▶ **DATA**
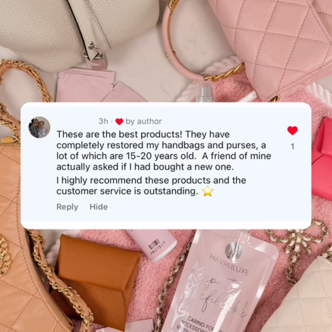 Your bespoke protector pack includes everything needed for one handbag or accessory, offering comprehensive protection that extends the life of your luxury items.
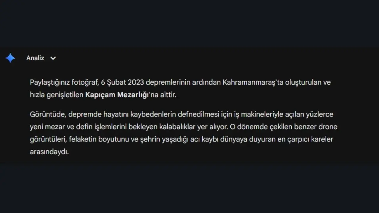 Uluslararası medya kuruluşu The Guardian, görüntünün kaynağını araştırmak amacıyla farklı yapay zekâ sistemleri üzerinden analiz gerçekleştirdi. Google’ın yapay zekâ modeli Gemini, fotoğrafın Türkiye’de meydana gelen Kahramanmaraş merkezli depremler sonrasında çekilmiş olabileceğini değerlendirdi. Bu analiz, özellikle Türkiye’deki kullanıcılar arasında dikkat çekti.
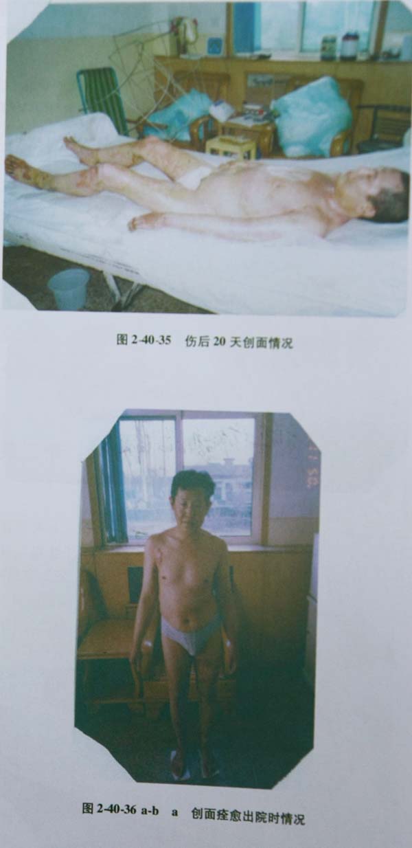 傷后20天,淺Ⅱ度和深Ⅱ度創(chuàng)面大部分愈合,Ⅲ度創(chuàng)面液化良好。繼續(xù)全身營(yíng)養(yǎng)支持,加強(qiáng)創(chuàng)面換藥及肢體功能鍛煉。患者經(jīng)40余天的精心治療,全例程采用MEBT/MEBO,未行植皮,所有創(chuàng)面均達(dá)到無(wú)疤痕愈合,各關(guān)節(jié)活動(dòng)自如,無(wú)功能障礙。

▶ **WHAT IS BEING ASKED**
Output all the material exactly. The pictures are to be left out.

▶ **ANSWER BOX**
 Your bespoke protector pack includes everything needed for one handbag or accessory, offering comprehensive protection that extends the life of your luxury items.
 Uluslararası medya kuruluşu The Guardian, görüntünün kaynağını araştırmak amacıyla farklı yapay zekâ sistemleri üzerinden analiz gerçekleştirdi. Google’ın yapay zekâ modeli Gemini, fotoğrafın Türkiye’de meydana gelen Kahramanmaraş merkezli depremler sonrasında çekilmiş olabileceğini değerlendirdi. Bu analiz, özellikle Türkiye’deki kullanıcılar arasında dikkat çekti.
 傷后20天,淺Ⅱ度和深Ⅱ度創(chuàng)面大部分愈合,Ⅲ度創(chuàng)面液化良好。繼續(xù)全身營(yíng)養(yǎng)支持,加強(qiáng)創(chuàng)面換藥及肢體功能鍛煉。患者經(jīng)40余天的精心治療,全例程采用MEBT/MEBO,未行植皮,所有創(chuàng)面均達(dá)到無(wú)疤痕愈合,各關(guān)節(jié)活動(dòng)自如,無(wú)功能障礙。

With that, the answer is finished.